Goals are provided in a general way. There is not a specific robot that must do each action, each robot that can perform the specific action is up to do it. The planner will decide which robot should perform the action.
(= (tasks LOCATION4 DRILL) 3)
(= (tasks LOCATION0 PHOTO) 2)
(= (tasks LOCATION0 DRILL) 4)
(= (tasks LOCATION5 DRILL) 2)
(= (tasks LOCATION1 PHOTO) 6)
This examples can also be represented as:
{
"robots":[
{
"name":"ROBOT1","battery":90,"maxBattery":300,"rechargeRate":0.001,"init":[30,10],
"speeds":[
{"name":"FAST","speed":40,"consume":4},
{"name":"SLOW","speed":20,"consume":3}
],
"tasks":[
{"name":"DRILL","duration":40,"consume":4},
{"name":"PHOTO","duration":30,"consume":3}]
},
{
"name":"ROBOT2","battery":20,"maxBattery":400,"rechargeRate":0.005,"init":[8,20],
"speeds":[
{"name":"SLOW","speed":10,"consume":1}
],
"tasks":[
{"name":"PHOTO","duration":10,"consume":1}
]
}
],
"goals":[
{"point":[27,19],"action":"DRILL","times":3},
{"point":[30,30],"action":"PHOTO","times":2},
{"point":[30,30],"action":"DRILL","times":4},
{"point":[15,15],"action":"DRILL","times":2},
{"point":[9,9],"action":"PHOTO","times":6}
]
}
Path planners can decide the optimal route between two points in a map. Task planners can order timed tasks to minimice the time taken to do them as well as follow the constrain restrictions (preconditions) of each task.

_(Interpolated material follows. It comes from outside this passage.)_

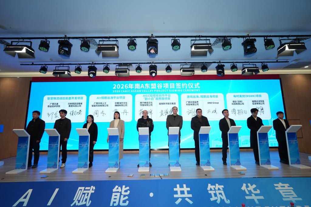 (东盟国际学院 范星硕/文)2026年1月22日,由自治区园区办、自治区数据局、南宁市政府联合主办的“AI赋能 共筑华章—2026年南A东盟谷项目签约仪式暨项目路演对接会”在南A中心举行,自治区园区办党组成员、自治区园区投促中心党委书记、主任肖潇出席会议并致辞,南宁市委常委、副市长张小强做园区推介。我校副校长邱实出席会议并与马来西亚企业就“自动驾驶物流车及智能网联汽车教学实训装备开发项目”签署合作协议。

To plan what a mobile robot should do both are needed.
- A path planner cannot do what a task planner can.
- The task planner is way to slow calculating path plans, they are too general.
In this case the integration of the path and the task planner is performed in three steps.
Plans are written in JSON instead of in PDDL. This JSON representation is used to calculate relevant points. A point is relevant if:
- A robot starts is it.
- A task needs to happen in it.
- If it did not exist at least one robot could not reach one relevant point from another by following the best path between them because it would have enough battery. (robots can only recharge when they are not moving)
To calculate the relevant points and the distances between them path planning is used.
With the relevant points calculated and the other information contained in the JSON file an optimized plan in pddl is generated. This plan is optimized in the sense that is omits none relevant information. The dull parts of writing a pddl problem are omitted by generating it from another better data representation.
Optic task planner is run with the generated problem and the domain in ./src/pddlRunner/domains
Also sg-plan can be used but the plan generation can take way more time depending on the complexity of the problem.
We do not wait for the best plan that Optic can provide, the first outputted plan is used and the process is killed. This produces none optimal solution but good enough ones, and take just a small amount of time.
Finally the plan output is retrieved from optic. This plan is then parsed and real routes are calculated for the actual movements that the robots should perform. Also a web page is generated to display the formatted plan output as well as images displaying the robots movements.
Only a path planner and a task planner to solve an specific domain are provided. This is not enough to control a real robot even if the domain adapts to the robot domains.
State estimation is needed to detect deviations from the expected sate is needed. This involves reading sensors, and transform those inputs into useful information which mighty involve localization, SLAM, object detection and many other techniques. Then a replanning policy can be implemented which could reuse this planner.
Additionally other important parts of the robotics field may be needed like obstacle avoidance.